Minimal PI-systems with all points are multiply minimal
Zijie Lin, Kangbo Ouyang
TL;DR
The paper constructs a minimal subshift $(X^*,\sigma)$ that is an open proximal extension of its maximal equicontinuous factor (an odometer) and proves that every $x\in X^*$ is multiply recurrent minimal, i.e., $x^{(d)}$ is recurrent for $\tau_d$ for all $d\ge2$. The approach realizes multiple recurrence within finite words by an inductive word-construction guided by a key combinatorial Lemma $l:\mathrm{combin}$, inspired by Oprocha's doubly minimal example. This yields a minimal PI-system with all points multiply minimal, answering HSY22 in the affirmative. The paper also clarifies the structure around PI-systems via the structure theorem and demonstrates openness of the maximal equicontinuous-factor map to the odometer.

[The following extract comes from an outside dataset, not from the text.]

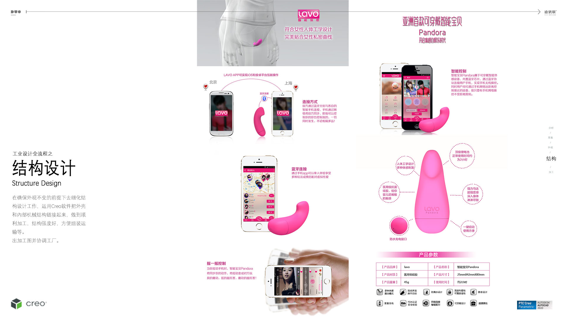 pandora+APP高科技套餐成异地分居相思“终结者”。 1、便携性。 扁平小巧,可爱玲珑。 2、可穿戴。符合女性人体工学设计,**贴合女性私密曲线。 3、智能。pandora属于可穿戴智能体感设备,内置蓝牙芯片,通过蓝牙协议连接用户手机,实现手机无线操控。同时用户间可通过手机网络远距离控制彼此的设备,故只要有手机网络,操控不受距离限制。 4、私密性。超静音高效马达,是你在他人不经意间享受**。 5、安全性。防过敏医用硅胶材质,使用贴心、舒心、放心。 6、**体验。通过app可以实现多种单人及多人交互式体验及玩法,并可以和情侣实现在线虚拟性/爱。
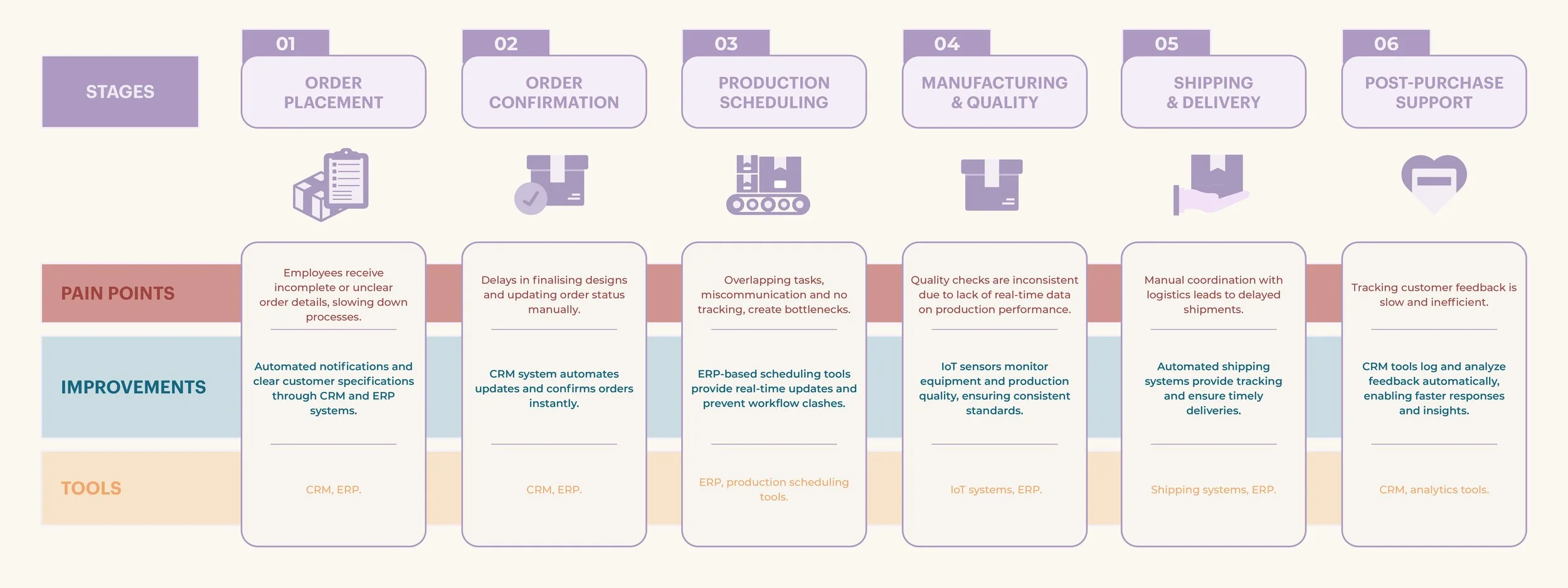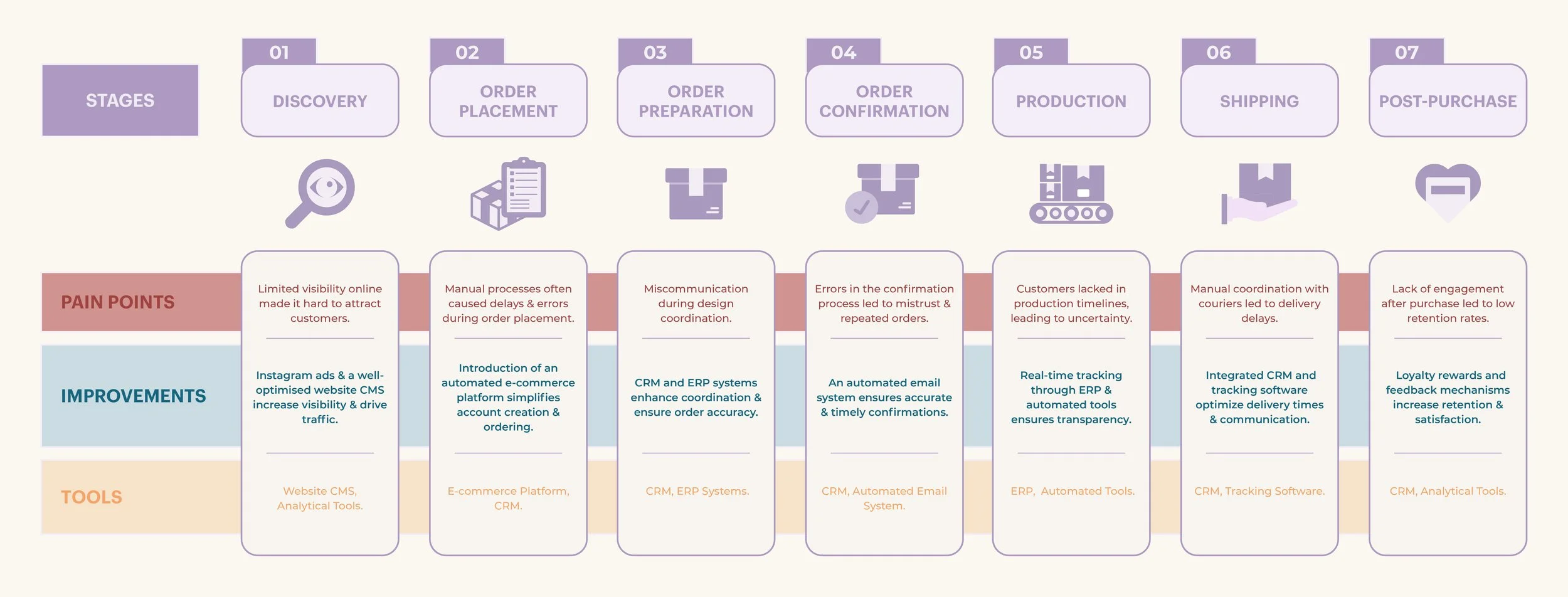 Key touchpoints and tools work together to create a seamless customer experience. An enhanced e-commerce platform enables effortless product exploration and ordering, while CRM systems and automated email tools ensure personalised and timely communication. Real-time tracking provides transparency throughout the production and delivery process, keeping customers informed and engaged at every stage.

Overall, the construction provides a new canonical example of a minimal PI-system with strong recurrence properties and a proximal-open extension to an equicontinuous factor.
Abstract
We construct a minimal subshift \((X^{*},σ)\) that serves as an open proximal extension of its maximal equicontinuous factor. We establish that every point in this subshift is multiply recurrent minimal. This work solves an open problem raised by Huang, Shao and Ye regarding the existence of minimal PI-systems such that each point is multiply minimal.